The Role of Dragomans in the Ottoman Empire

Dragomans can be considered to be the founding fathers of diplomatic translation and interpretation in the Ottoman Empire and later in Turkey.

Audience of Charles Gravier, Comte De Vergennes, with the Sultan Osman III in Constantinople", painted by Antoine de Favray in 1755. The dragoman (third from left) can be distinguished by his uniform.
Photo credits: Photo credits: Wikipedia Commons

Historically, a state wishing to establish relations with another state required the assistance of individuals fluent in languages who could help diplomats accomplish their mission. These interpreters and translators were called “dragomans” in the Ottoman Empire. Dragomans are a fairly unknown institution and their history is linked to the beginning of regular relations between Western countries and the Ottoman Empire [1].

In Muslim countries, dragomans first appeared in the 8th century at the time of the Abbasids. They also existed under the Mamluks in Egypt and the Seljuqs in Anatolia. Under the Seljuqs, the dragoman was named by a firman. The Ottoman Empire carried on in the same tradition [2].

The history of diplomatic translation and interpretation in the Ottoman Empire is tightly linked to dragomans. The latter could be considered to be the founding fathers of diplomatic translation and interpretation in the Ottoman Empire and later in Turkey. This history began with the first contacts and the first treaties signed with Western powers.

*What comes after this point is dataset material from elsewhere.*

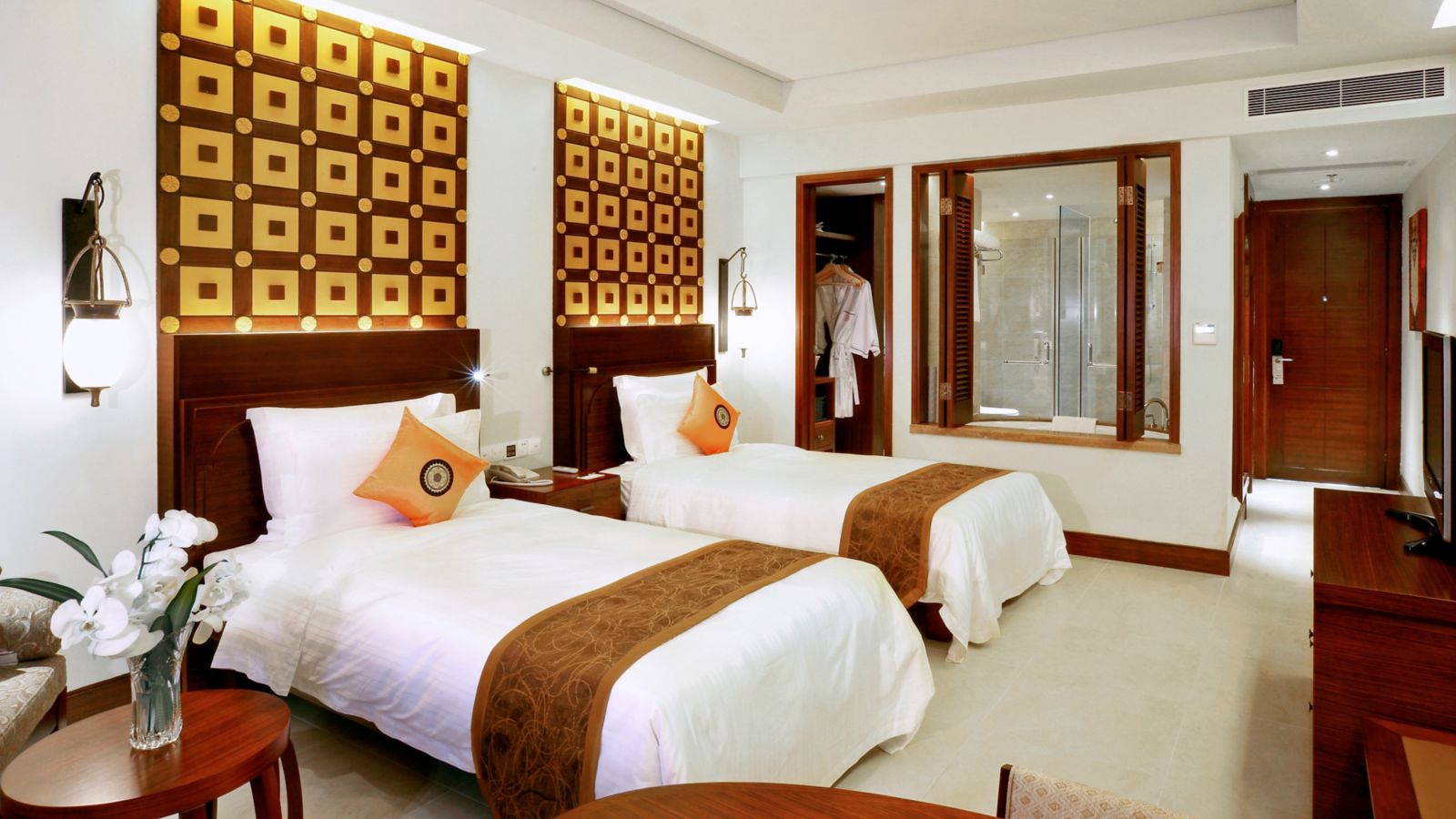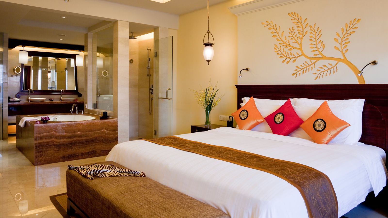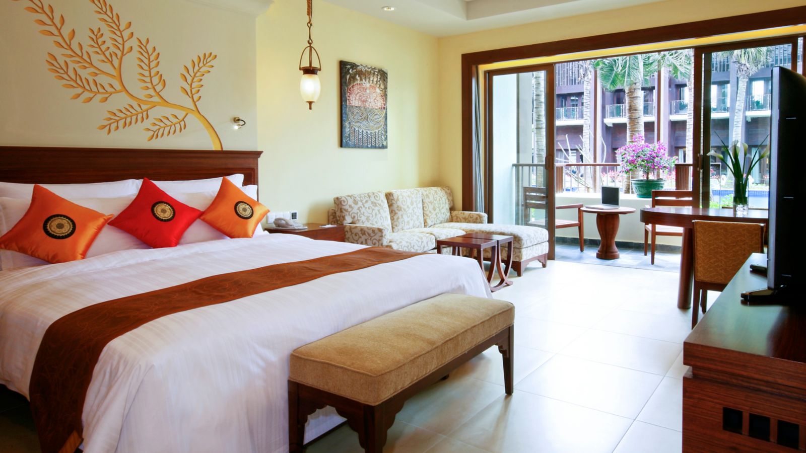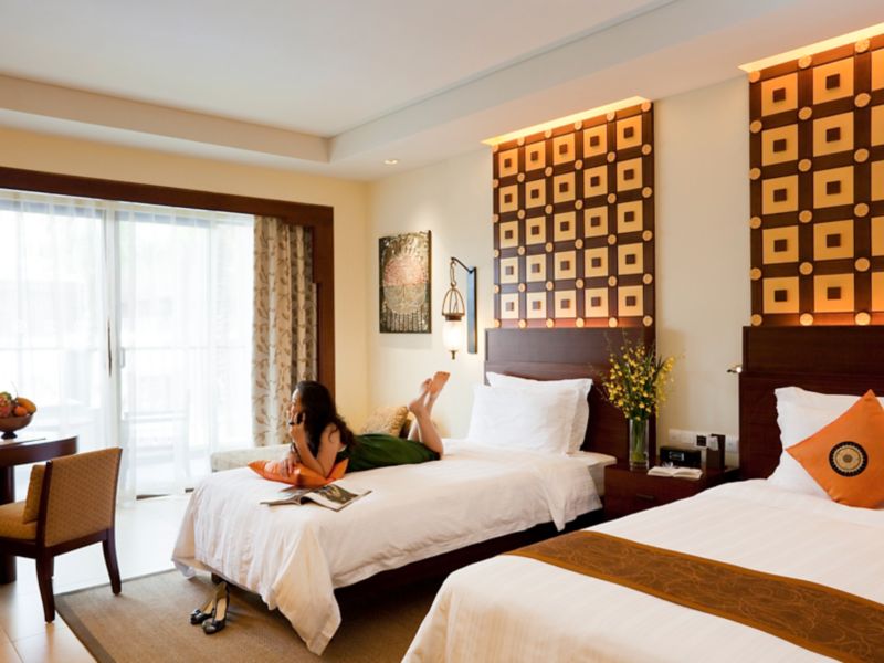 Spacious up to 48sqm with a strong touch of Asian style, offering flat screen TV, bath tub, separate shower room, views of swimming pool. The South East Asian style sculptures and a tropic garden is just outside of the room.

In 1454, Venice sent an ambassador to Istanbul, called a Balyos [3]. After the Republic of Venice, Poland (1475), Russia (1497), Austria (1528), France [4] (1535), England (1583) and Holland (1612) also sent ambassadors to establish relations with the Ottoman Empire.

But before delving into these extraordinary individuals, let us look at the origin of the word “dragoman”.

The Origin of the Word “Dragoman”

Several theories exist as to the origin of the word “dragoman”. This word of Syriac origin was borrowed by Arabic (tardjumān) and then by Turkish (tercüman). The oldest versions of the word are tagmâna and targem. It made its way to Latin (turchimannus, dragumanus, dracmandus, turchimannus), Italian (drogmano, dragomanno, turcimanno), French (drughement, drugement, drogman, truchement), Spanish (truchiman, trujaman), German (dragoman), Bulgarian (драгоманин), Portuguese (turgeman), Serbian (terduman, dragomani), Polish (turdzyman), Byzantine Greek (dragomanus) and Flemish (droogman).

In the past, the word was used in Turkish languages in the variants dilmaç or tilmaç.

Nowadays, the same word has been borrowed by some European languages such as German (Tolmetsch and then Dolmetscher [5]), Russian (толмач, though little used today), Czech (tlumoč), Hungarian (tolmács), Macedonian (толкувач), Polish (tłumacz), etc. It is still used in Turkish today. In Azerbaijani, the words tərcüməçi (translator / interpreter) and dilmanc (interpreter) are used as well.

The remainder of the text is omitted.